When `withWatermark(col, "0 seconds")` is used, Spark's late-event predicate
`event_time_us <= watermark_ms * 1000` treats records whose event time equals
the previous batch's max event time as late and drops them. Two records with
the same event time are then handled differently based on which batch carried
them: the one that produced the max event time is kept, the one that arrives
in the next batch is dropped.

This change bumps a configured delay of 0 to 1 ms internally so the comparison
becomes strict in practice and same-event-time records are no longer
discriminated against.
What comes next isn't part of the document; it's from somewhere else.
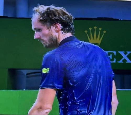 梅德韦杰夫没打多久就跟落汤鸡一样。

A warning is logged when the bump activates. Gated by a
new default-on SQL conf `spark.sql.streaming.eventTimeWatermark.bumpZeroDelayToOneMs`.
Non-zero delays are unaffected.

Added an `EventTimeWatermarkSuite` test that exercises both the new default
and the legacy path. Existing tests in `MultiStatefulOperatorsSuite` that
encode the legacy 0-delay boundary in their expected output are wrapped in
`withSQLConf(... -> "false")` so they continue to validate that path.
---
 .../plans/logical/EventTimeWatermark.scala    | 28 +++++-
 .../apache/spark/sql/internal/SQLConf.scala   | 12 +++
 .../streaming/EventTimeWatermarkSuite.scala   | 41 +++++++++
 .../MultiStatefulOperatorsSuite.scala         | 87 ++++++++++++-------
 4 files changed, 134 insertions(+), 34 deletions(-)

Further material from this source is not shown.